THE UNSEEN PROBLEM by F. A. Hayek


THERE is reason to believe that we are at last entering an era of reasoned discussion of what has long uncritically been assumed to be a reconstruction of society on rational lines. For more than half a century, the belief that deliberate regulation of all social affairs must necessarily be more successful than the apparent haphazard interplay of independent individuals has continuously gained ground until to-day there is hardly a political group anywhere in the world which does not want central direction of most human activities in the service of one aim or another. It seemed so easy to improve upon the institutions of a free society which had come more and more to be considered as the result of mere accident, the product of a peculiar historical growth which might as well have taken a different direction. To bring order to such a chaos, to apply reason to the organization of society, and to shape it deliberately in every detail according to human wishes and the common ideas of justice seemed the only course of action worthy of a reasonable being.

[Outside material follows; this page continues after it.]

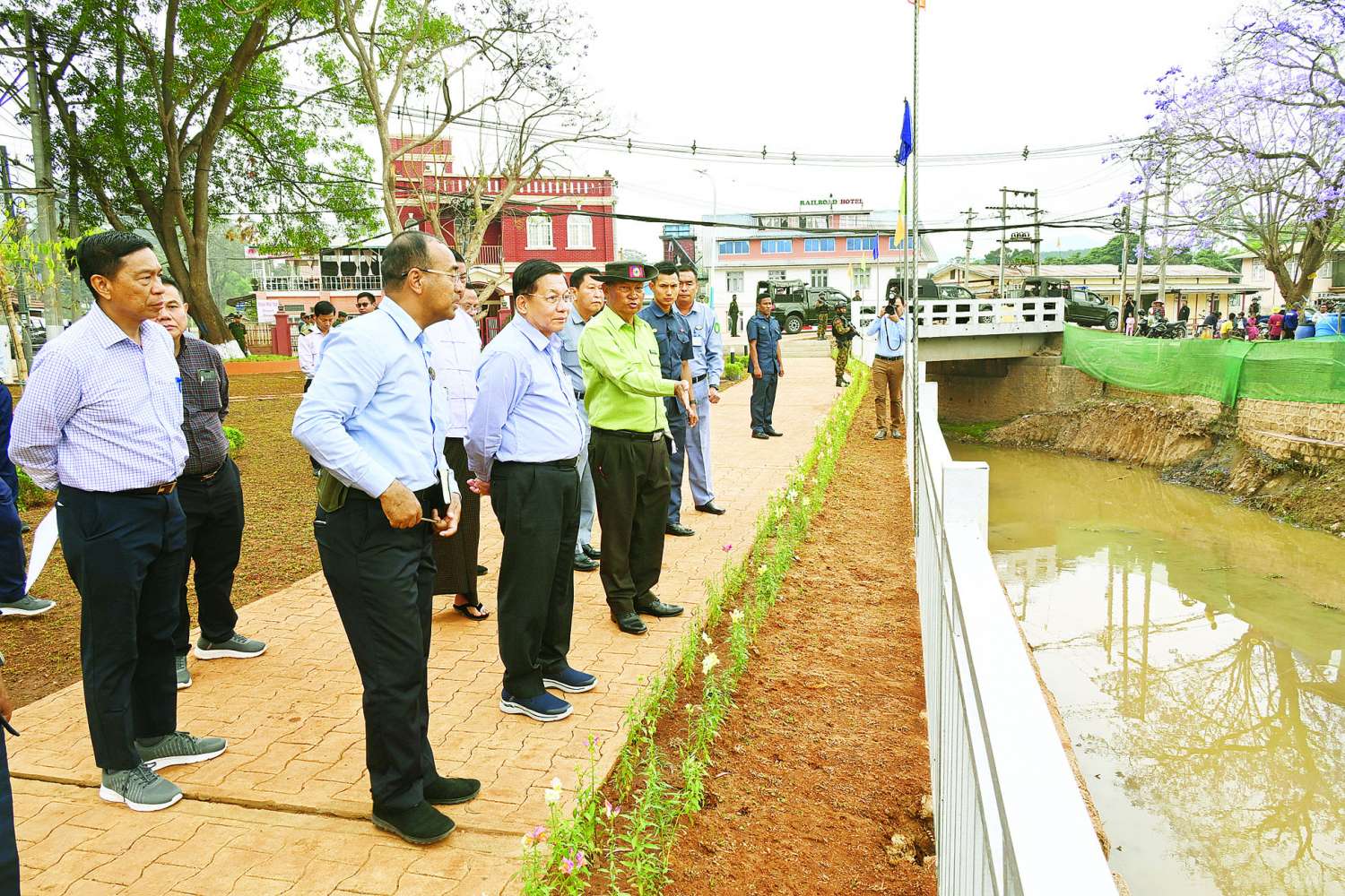 ထို့နောက် နိုင်ငံတော်စီမံအုပ်ချုပ်ရေးကောင်စီဥက္ကဋ္ဌ နိုင်ငံတော် ဝန်ကြီးချုပ်သည် ကလောချောင်းတစ်လျှောက် ရေစီးရေလာကောင်းမွန်မှုရှိစေရေး ချောင်းချဲ့ခြင်းနှင့် တူးဖော်ခြင်းလုပ်ငန်းဆောင်ရွက်ထားရှိမှု အခြေအနေများနှင့် မြေယာရှုခင်းဖော်ဆောင်နေမှုအခြေအနေများကို လိုက်လံကြည့်ရှုစစ်ဆေးပြီး တာဝန်ရှိသူများ၏ တင်ပြချက်များအပေါ် လိုအပ်သည်များ မှာကြားသည်။

But at the present day it is clear—it would probably be admitted by all sides—that during the greater part of the growth of this belief, some of the most serious problems of such a reconstruction have not even been recognized, much less successfully answered. For many years discussion of socialism—and for the greater part of the period it was only from socialism proper that the movement sprang—turned almost exclusively on ethical and psychological issues. On the one hand there was the general question whether justice required a reorganization of society on socialist lines and what principles of the distribution of income were to be regarded as just. On the other hand there was the question whether men in general could be trusted to have the moral and psychological qualities which were dimly seen to be essential if a socialist system was to work. But although this latter question does raise some of the real difficulties, it does not really touch the heart of the problem. What was questioned was only whether the authorities in the new state would be in a position to make people carry out their plans properly. Only the practical possibility of the execution of the plans was called in question, not whether planning, even in the ideal case where these difficulties were absent, would achieve the desired end. The problem seemed therefore to be “only” one of psychology or education, the “only” meaning that after initial difficulties these obstacles would certainly be overcome.
If this were true, then the economist would have nothing to say on the feasibility of such proposals, and indeed it is improbable that any scientific discussion of their merits would be possible. It would be a problem of ethics, or rather of individual judgments of value, on which different people might agree or disagree, but on which no reasoned arguments would be possible. Some of the questions might be left to the psychologist to decide, if he has really any means of saying what men would be like under entirely different circumstances. Apart from this no scientist, and least of all the economist, would have anything to say about the problems of Socialism. And many people believing that the knowledge of the economist is only applicable to the problems of a capitalist society (i.e. to problems arising out of peculiar human institutions which would be absent in a world organized on different lines), still think this to be the case.